Le conseiller fédéral Ignazio Cassis et son département des affaires étrangères (DFAE) essuient de nombreuses critiques face à leur silence sur le désastre à Gaza. Il y a quelques jours, le libéral-radical (PLR) tessinois a toutefois pris la parole pour dénoncer la famine qui frappe la bande de Gaza.
Mais la Suisse ne semble pas prête à soutenir l'appel visant à augmenter l'aide humanitaire, et auquel 22 Etats occidentaux se sont déjà associés. Il y a trop de questions en suspens concernant l'action menée par les Etats-Unis, explique-t-on au DFAE. L'ensemble du Conseil fédéral ne parait pas savoir sur quel pied danser...
Aujourd'hui, 15 organisations suisses exigent un changement: dans une lettre ouverte, elles appellent à la responsabilité humanitaire de la Confédération. Parmi la centaine de signataires, des poids lourds du monde culturel et de la politique, comme les anciennes conseillères fédérales socialistes Micheline Calmy-Rey et Ruth Dreifuss.
La Suisse doit assumer son rôle
La Suisse est l'Etat dépositaire des Conventions de Genève, et devrait donc promouvoir l'application de leurs normes dans le monde entier. Cela vaut également pour Gaza, rappellent les initiateurs au Conseil fédéral. «Si le droit international et des principes fondamentaux sont systématiquement violés à Gaza, le Conseil fédéral ne peut pas se taire.

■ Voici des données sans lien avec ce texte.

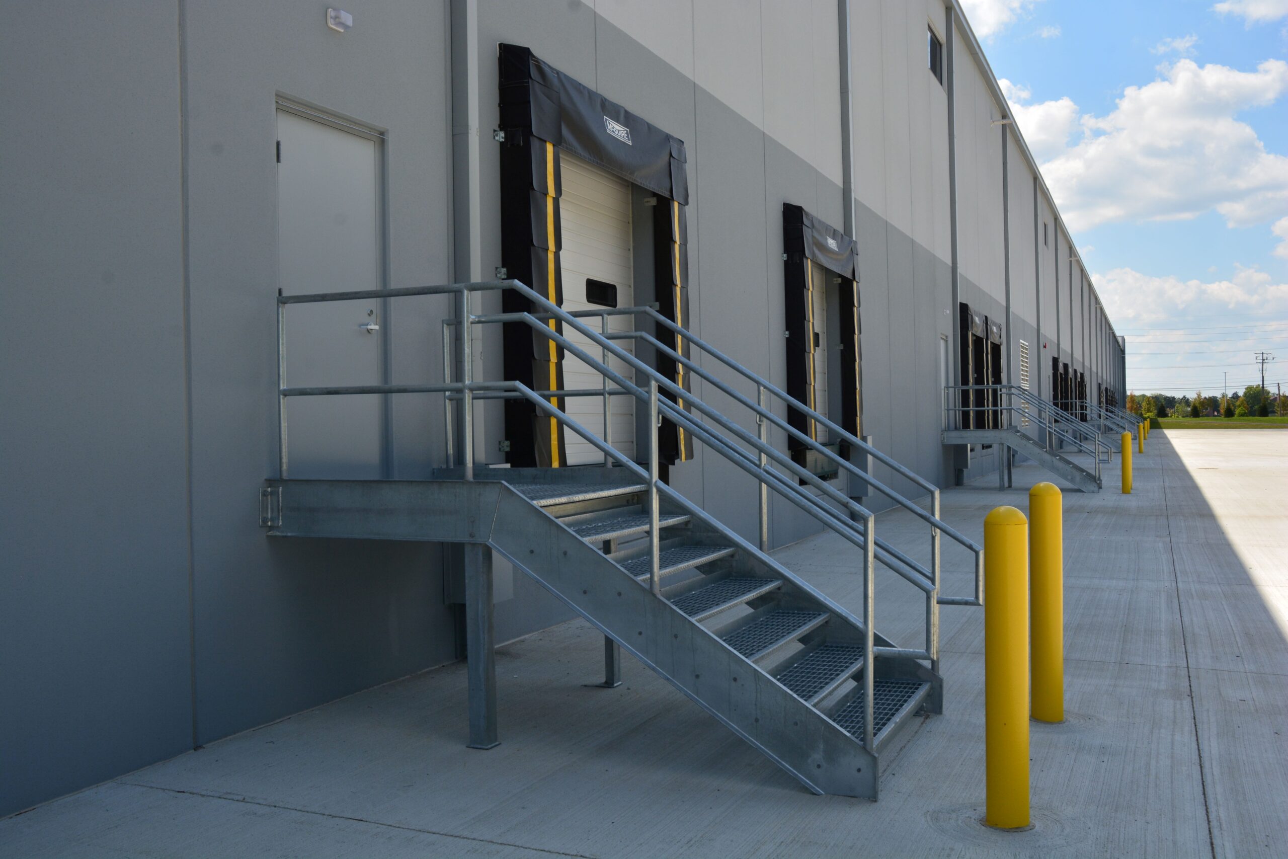 • 40,000-lb capacity dock levelers, dock seals, bumpers, and safety equipment at each dock position

Faute de quoi il se rendra coresponsable», déclare l'ancienne ministre des Affaires étrangères, Micheline Calmy-Rey.
L'appel propose un plan national en dix points. Il exige que la Suisse milite en faveur d'un cessez-le-feu immédiat, qu'elle s'engage pour la protection de la population civile à Gaza et en Cisjordanie, qu'elle garantisse l'octroi de l'aide humanitaire et rétablisse le soutien financier à l'Office de secours et de travaux des Nations unies pour les réfugiés de Palestine dans le Proche-Orient (UNRWA). La lettre demande aussi un engagement pour la libération inconditionnelle de tous les otages civils et prisonniers palestiniens détenus illégalement.
Le Conseil fédéral est aussi sommé de prendre position sur la possibilité d'un génocide à Gaza, et de condamner les déclarations du gouvernement israélien contraires au droit international. La question des armes figure aussi dans l'appel: les signataires demandent que la Suisse cesse immédiatement d'exporter du matériel de guerre et de surveillance vers Israël.
Finalement, la Suisse est invitée à repenser sa politique au Proche-Orient, qui prévoit une solution à deux Etats, «sous l'angle de la cohérence avec les droits humains et le droit international».
Des voix juives soutiennent également l'appel
Les organisations de défense des droits humains Swiss Humanity Initiative et Amnesty International, l'association Voix juive pour la démocratie et la justice en Israël/Palestine (JVJP) ainsi que le réseau Palestine Solidarity Switzerland sont derrière l'initiative. Ils précisent dans la lettre que leurs revendications s'appliquent «indépendamment du côté des auteurs».
La demande est largement soutenue par la population civile. Parmi les signataires, on trouve notamment le rabbin Ruven Bar Ephraïm, de la communauté libérale juive de Zurich, l'épidémiologiste Marcel Tanner et la musicienne Anna Rossinelli. «Ce que le gouvernement israélien fait à Gaza est intolérable. La Suisse ne peut pas non plus se taire plus longtemps à ce sujet», a déclaré le rabbin, cité dans le texte.